Saleem’s initial journey from Pakistan to Britain sounds a lot like the paths that many migrants from former British colonies take. Do you see your own personal journey reflected in that?
Absolutely. It is the journey of my grandfather, of my uncles, my aunties, my cousins and the journey of people from India, the Caribbean and from all parts that were former British colonies.
But what’s more important than simply the journey is what happens to us and who we were before we came. Saleem was a teacher from a village in Northern Pakistan. That is, they were part of the middle class in the societies from which these people left, but as soon as they came to England, they became “Pakis”, “Wogs” and “Niggers”.
We became suddenly painted in colours we didn’t even know existed. And the brutalisation and the humiliation at the hands of people and in places where we worked produced another culture — a culture of resistance. And that was a culture of saying “Hang on a minute, we are equal to white people. We are not more, but certainly not less. Surely for the same work, we should get paid the same amount of money.” And we had to fight for that.
Salem Khan goes through a process of de-classing and then he becomes involved in the trade union movement.
Saleem’s life shows that there is a transmutation of racism. Initially, he was called a “Paki”, a “wog” and a “black bastard” — as I used to be called. But with the current phase, it becomes Islamophobia. The old one has not gone away, the new one has come along.
The reason the new has come around is very clearly the never-ending wars through which we are forced to live. The old one existed because of the needs of British imperialism and colonialism making the people of colour not equal to white people.
Saleem’s early participation in the trade union movement is the way that many of our workers went through. One of the differences that workers from South-East Asia and the Caribbean (ie black workers) brought to the West, particularly to Britain, is that we could not simply talk about economics all the time.
There were wars that raging in our countries, there was such poverty in our home places.
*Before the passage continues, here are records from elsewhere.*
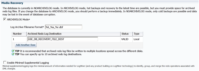 After the FRA is set up, the next step is to enable ARCHIVELOG Mode for the database. This allows you to take online backups and point-in-time recovery. You can enable ARCHIVELOG Mode on the page where you set up the FRA, as shown below: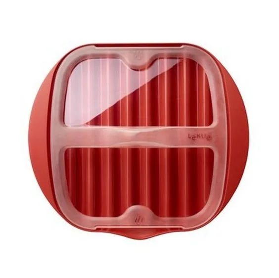 Rigtig smart bacon steger til mikroovnen, som sikrer dig sprødt bacon på under 5 minutter! Formen måler 28 x 25 cm, så der er plads til at stege en hel pakke bacon ad gangen. Med denne smarte bacon steger undgår man, at hele mikroovnen bliver svinet til i fedt, når man steger bacon i mikroovnen.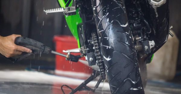 Тщательное ополаскивание. После того, как вы вымыли весь мотоцикл, тщательно смойте всю пену чистой водой. Убедитесь, что на поверхности не осталось никаких остатков моющего средства.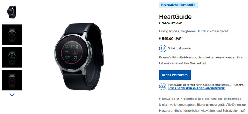Часы Omron HeartGuide стоят аж €550, что, на мой взгляд, супердофига, особенно учитывая тот факт, что как умные часы они кроме измерения давления умеют только измерять пульс, показывать уведомления и считать шаги. Более ничего. То есть их функциональность сильно проще функциональности фитнес-браслета за 40 евро.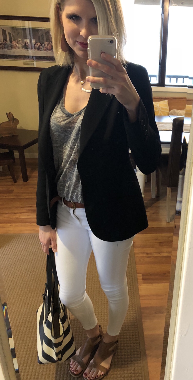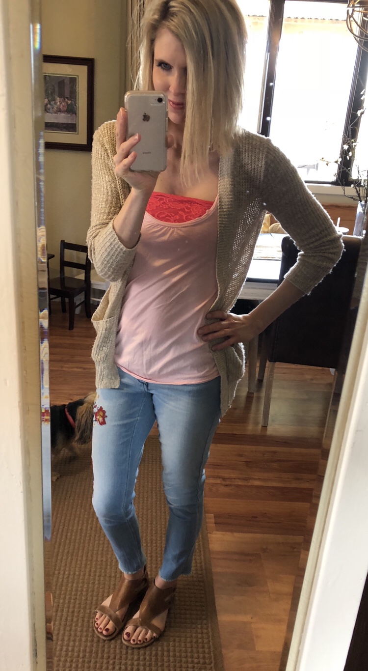 My more casual look for the day. Has anyone noticed that I painted my toenails?? This is a big deal for me. I’d rather have a pedicure, but this momma has no time to go. 😩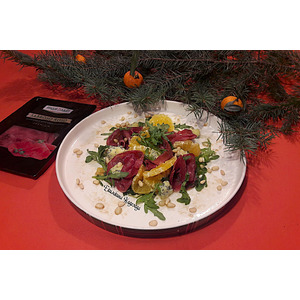 На тарелку положить рукколу, мандарины, мяско индейки свернув тонкие кружки нарезки в розочки |

So the political aspect of our struggle could not be separated from the economic aspect of our need for better life and better conditions where we lived. So we brought politics into the trade union movement at the time.
And do you see parallels between what took place in Manchester and the horrific attack on the Muslim community in Finsbury Park?
This attack, coming as it has on the anniversary of the murder of Jo Cox, by another right-wing extremist, is clearly not the work of yet another lone white wolf, but that of a neo-fascist movement hell bent on enflaming racism and encouraging mass murder.
But we should never forget, this sort of “radicalised” racist did not crawl out of some unknown rubbish heap, but is the direct product of a country which has continued to destroy nation after nation. There is no choice but for those who oppose racism to organise, and most importantly for white people to organise in white communities.